-- Required action --
Copy each line below as written, but skip the pictures.

-- Information shown --
*** Block opens ***
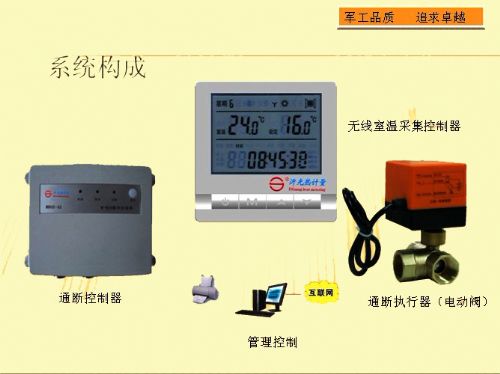控制阀,对该用户的循环水进行通断控制来实现该户的室温调节。同时在各户的代表房间里放置室温采集控制器,用于测量室内温度和用户设定温度,并将这两个温度值传输给通断控制阀。通断控制阀根据实测室温与设定值之差,确定在一个控制周期内通断阀的开停比,并按照这一开停比控制通断
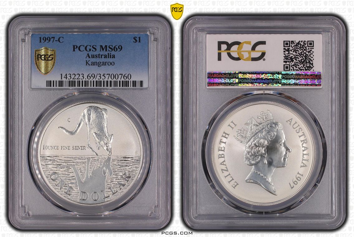 1997-C Australia Silver One Dollar $1 Kangaroo PCGS GRADED - MS69
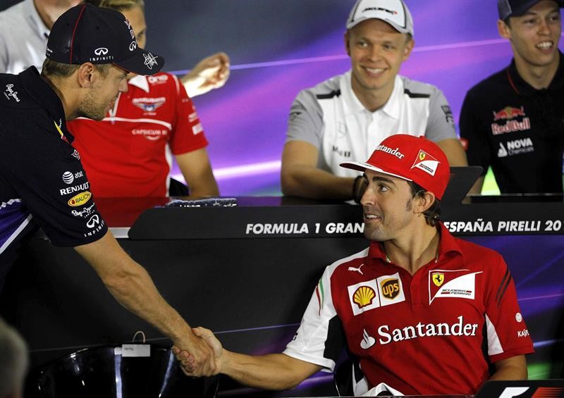 Sebastian Vettel, piloto de Red Bull, saluda amigablemente a Fernando Alonso antes de comenzar la rueda de prensa previa al Gran Premio de España.
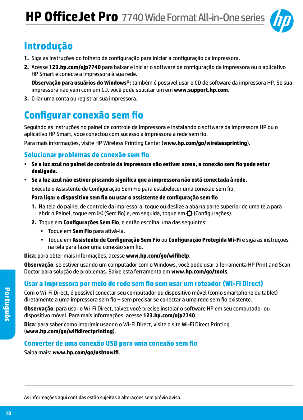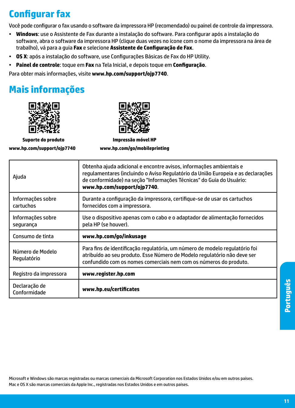 11 Microsoft e Windows são marcas registradas ou marcas comerciais da Microsoft Corporation nos Estados Unidos e/ou em outros países. Mac e OS X são marcas comerciais da Apple Inc., registradas nos Estados Unidos e em outros países. Configurar fax Você pode configurar o fax usando o software da impressora HP (recomendado) ou painel de controle da impressora. •• Windows: use o Assistente de Fax durante a instalação do software. Para configurar após a instalação do software, abra o software da impressora HP (clique duas vezes no ícone com o nome da impressora na área de trabalho), vá para a guia Fax e selecione Assistente de Configuração de Fax. •• OS X: após a instalação do software, use Configurações Básicas de Fax do HP Utility. •• Painel de controle: toque em Fax na Tela Inicial, e depois toque em Configuração. Para obter mais informações, visite www.hp.com/support/ojp7740. Mais informações Ajuda Obtenha ajuda adicional e encontre avisos, informações ambientais e regulamentares (incluindo o Aviso Regulatório da União Europeia e as declarações de conformidade) na seção "Informações Técnicas" do Guia do Usuário: www.hp.com/support/ojp7740. Informações sobre cartuchos Durante a configuração da impressora, certifique-se de usar os cartuchos fornecidos com a impressora. Informações sobre segurança Use o dispositivo apenas com o cabo e o adaptador de alimentação fornecidos pela HP (se houver). Consumo de tinta www.hp.com/go/inkusage Número de Modelo Regulatório Para fins de identificação regulatória, um número de modelo regulatório foi atribuído ao seu produto. Esse Número de Modelo regulatório não deve ser confundido com os nomes comerciais nem com os números do produto. Registro da impressora www.register.hp.com Declaração de Conformidade www.hp.eu/certificates Impressão móvel HP www.hp.com/go/mobileprinting Suporte do produto www.hp.com/support/ojp7740 Português
*** Block closes ***
-- Reply --
控制阀,对该用户的循环水进行通断控制来实现该户的室温调节。同时在各户的代表房间里放置室温采集控制器,用于测量室内温度和用户设定温度,并将这两个温度值传输给通断控制阀。通断控制阀根据实测室温与设定值之差,确定在一个控制周期内通断阀的开停比,并按照这一开停比控制通断
 1997-C Australia Silver One Dollar $1 Kangaroo PCGS GRADED - MS69
 Sebastian Vettel, piloto de Red Bull, saluda amigablemente a Fernando Alonso antes de comenzar la rueda de prensa previa al Gran Premio de España.
 11 Microsoft e Windows são marcas registradas ou marcas comerciais da Microsoft Corporation nos Estados Unidos e/ou em outros países. Mac e OS X são marcas comerciais da Apple Inc., registradas nos Estados Unidos e em outros países. Configurar fax Você pode configurar o fax usando o software da impressora HP (recomendado) ou painel de controle da impressora. •• Windows: use o Assistente de Fax durante a instalação do software. Para configurar após a instalação do software, abra o software da impressora HP (clique duas vezes no ícone com o nome da impressora na área de trabalho), vá para a guia Fax e selecione Assistente de Configuração de Fax. •• OS X: após a instalação do software, use Configurações Básicas de Fax do HP Utility. •• Painel de controle: toque em Fax na Tela Inicial, e depois toque em Configuração. Para obter mais informações, visite www.hp.com/support/ojp7740. Mais informações Ajuda Obtenha ajuda adicional e encontre avisos, informações ambientais e regulamentares (incluindo o Aviso Regulatório da União Europeia e as declarações de conformidade) na seção "Informações Técnicas" do Guia do Usuário: www.hp.com/support/ojp7740. Informações sobre cartuchos Durante a configuração da impressora, certifique-se de usar os cartuchos fornecidos com a impressora. Informações sobre segurança Use o dispositivo apenas com o cabo e o adaptador de alimentação fornecidos pela HP (se houver). Consumo de tinta www.hp.com/go/inkusage Número de Modelo Regulatório Para fins de identificação regulatória, um número de modelo regulatório foi atribuído ao seu produto. Esse Número de Modelo regulatório não deve ser confundido com os nomes comerciais nem com os números do produto. Registro da impressora www.register.hp.com Declaração de Conformidade www.hp.eu/certificates Impressão móvel HP www.hp.com/go/mobileprinting Suporte do produto www.hp.com/support/ojp7740 Português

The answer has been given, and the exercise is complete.